Task prompt: In the entries below, which lines run from the one containing "Zaujměte hosty ve" to the one containing "之后,我们在屏幕左侧找到更改适配器设置,双击打开。"? Copy exactly those lines, ends included, and no others.
Start of Data for this exercise
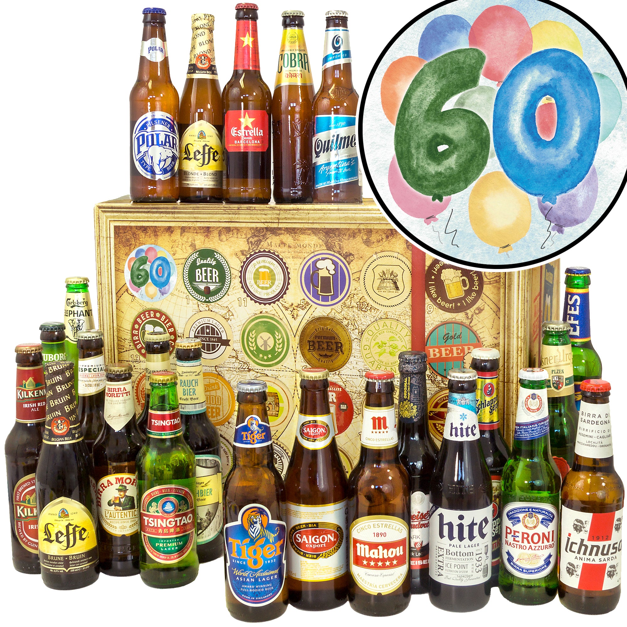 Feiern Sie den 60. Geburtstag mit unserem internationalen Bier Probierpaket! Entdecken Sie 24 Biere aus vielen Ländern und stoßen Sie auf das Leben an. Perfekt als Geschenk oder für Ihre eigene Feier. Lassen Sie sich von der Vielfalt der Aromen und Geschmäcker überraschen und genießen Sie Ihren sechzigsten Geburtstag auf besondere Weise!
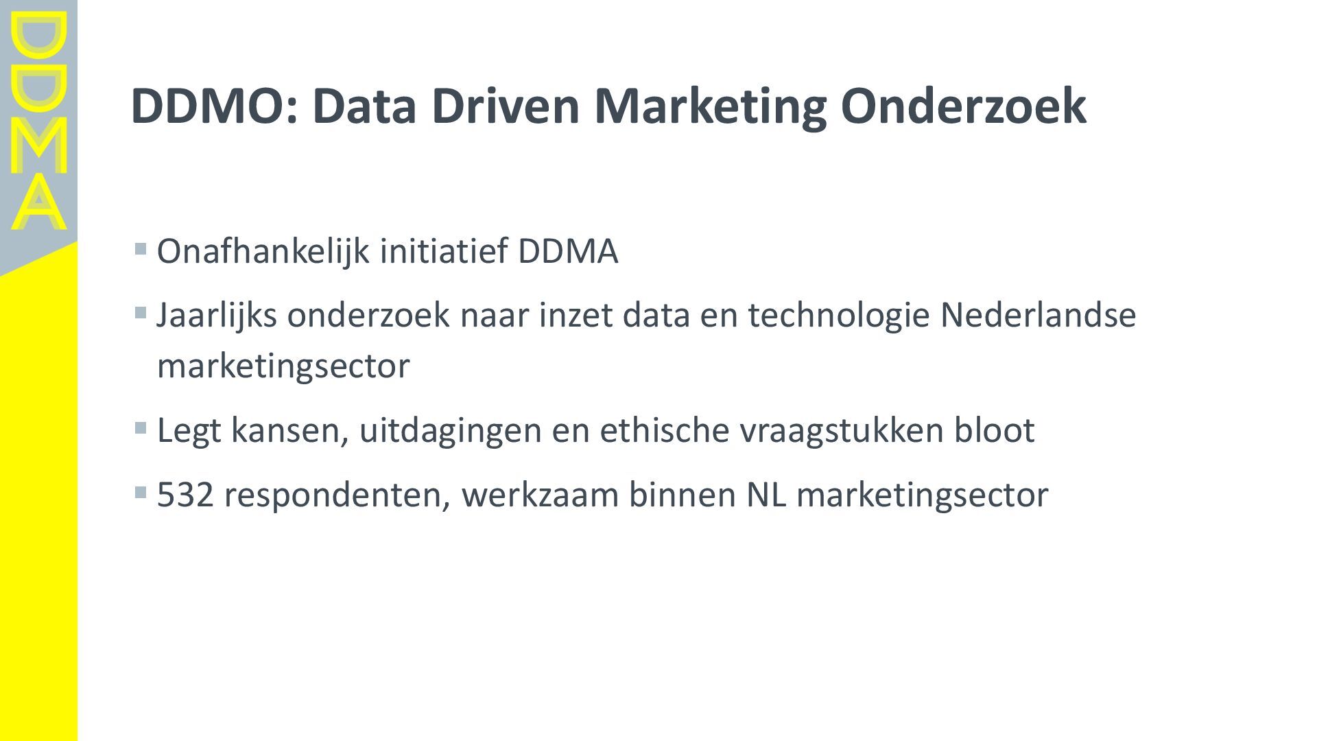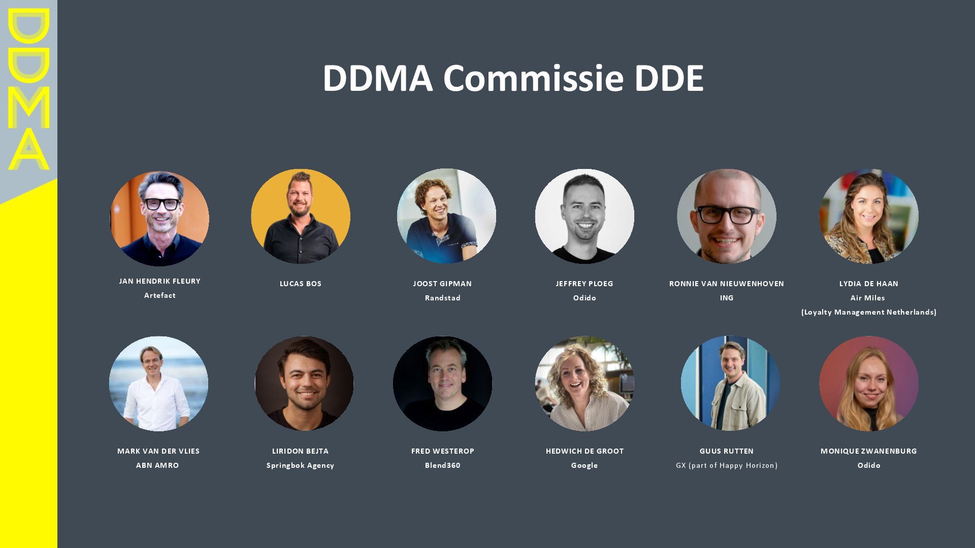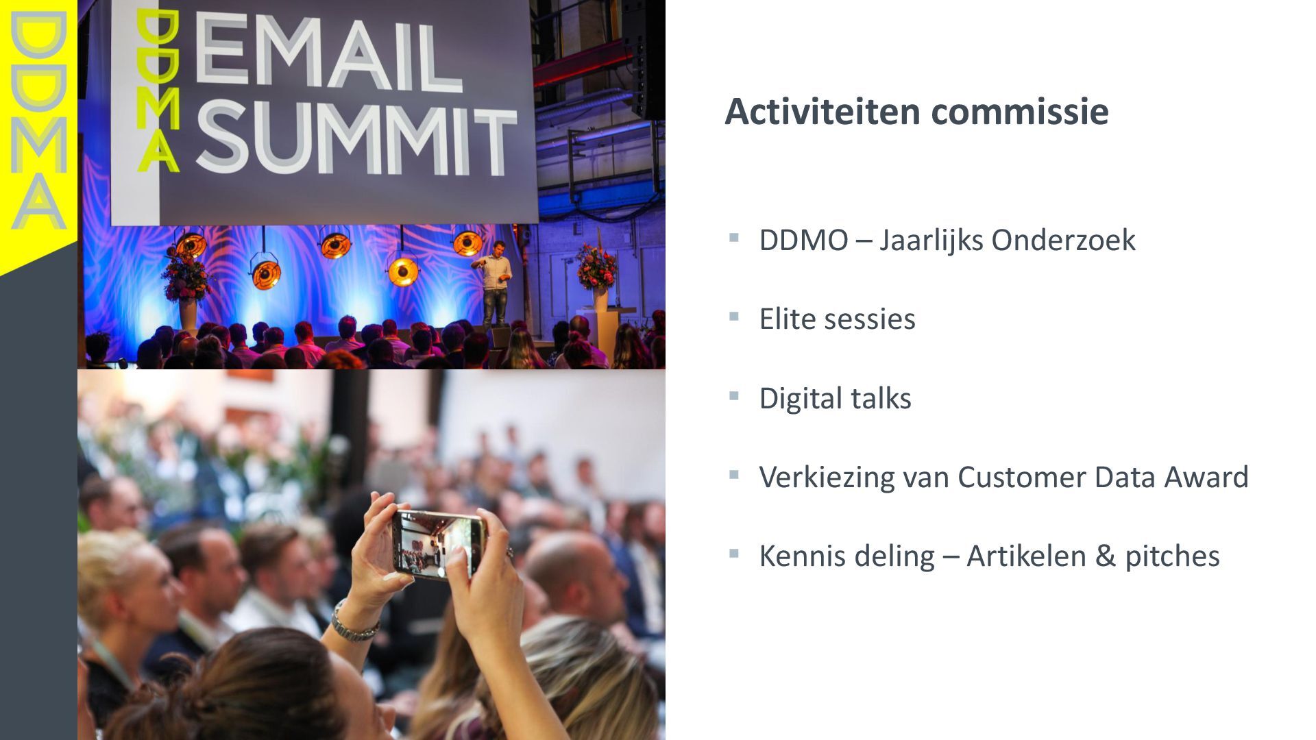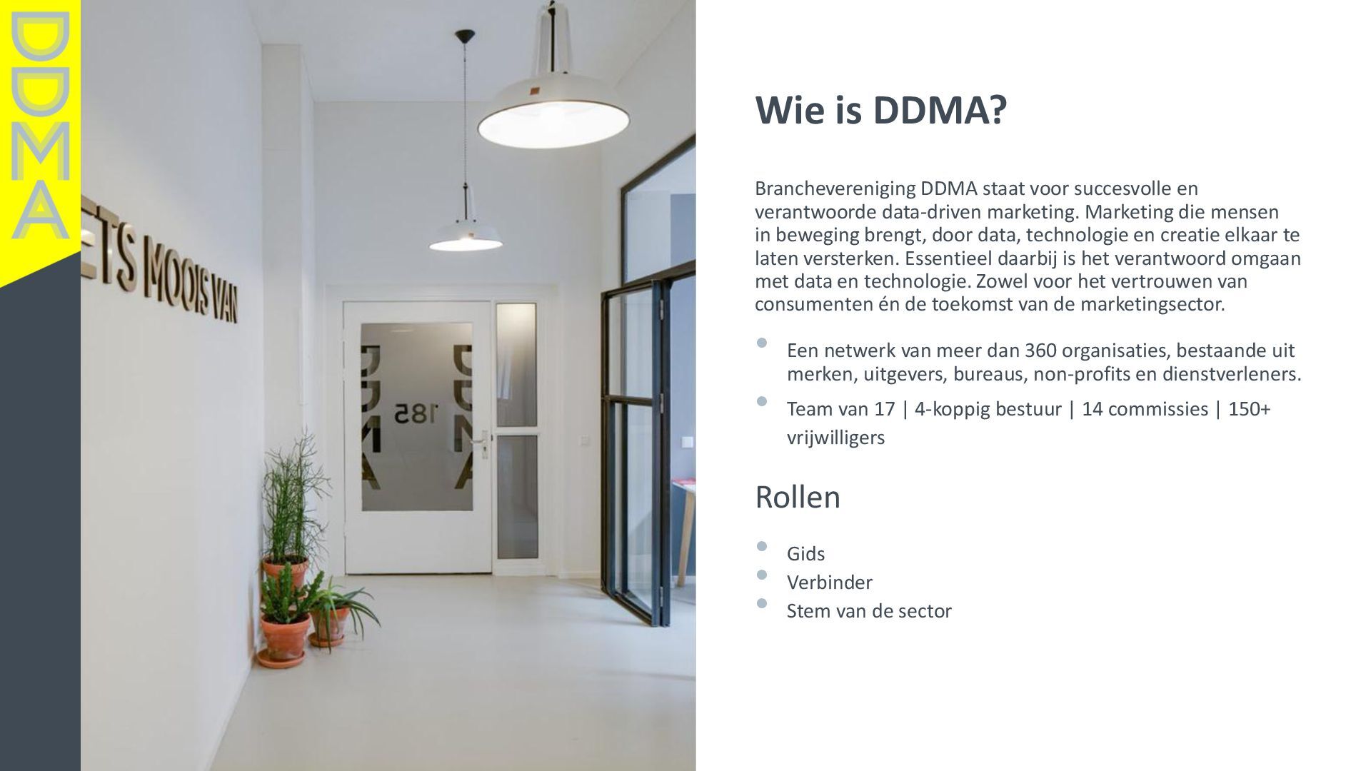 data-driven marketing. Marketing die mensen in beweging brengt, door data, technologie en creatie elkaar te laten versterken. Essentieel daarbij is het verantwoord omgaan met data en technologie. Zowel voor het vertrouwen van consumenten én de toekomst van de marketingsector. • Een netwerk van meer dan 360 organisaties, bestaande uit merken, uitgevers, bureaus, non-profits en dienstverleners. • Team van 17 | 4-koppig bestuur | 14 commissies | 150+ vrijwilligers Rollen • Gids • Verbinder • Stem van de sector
End of Data for this exercise
Start of Data for this exercise
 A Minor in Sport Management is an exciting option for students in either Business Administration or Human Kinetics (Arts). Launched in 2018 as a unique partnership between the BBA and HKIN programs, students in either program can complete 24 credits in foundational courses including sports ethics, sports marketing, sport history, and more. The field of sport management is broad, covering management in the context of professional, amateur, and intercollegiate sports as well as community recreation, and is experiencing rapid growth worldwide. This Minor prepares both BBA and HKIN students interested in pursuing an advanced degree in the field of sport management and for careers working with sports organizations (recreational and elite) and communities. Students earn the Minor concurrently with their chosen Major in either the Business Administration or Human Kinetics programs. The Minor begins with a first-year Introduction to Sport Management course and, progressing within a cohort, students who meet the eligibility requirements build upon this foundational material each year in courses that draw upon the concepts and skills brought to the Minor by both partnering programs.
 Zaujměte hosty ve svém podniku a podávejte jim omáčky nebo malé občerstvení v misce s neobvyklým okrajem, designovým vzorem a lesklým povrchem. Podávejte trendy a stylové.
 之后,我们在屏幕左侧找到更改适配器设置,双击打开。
End of Data for this exercise
Task answer:
 Zaujměte hosty ve svém podniku a podávejte jim omáčky nebo malé občerstvení v misce s neobvyklým okrajem, designovým vzorem a lesklým povrchem. Podávejte trendy a stylové.
 之后,我们在屏幕左侧找到更改适配器设置,双击打开。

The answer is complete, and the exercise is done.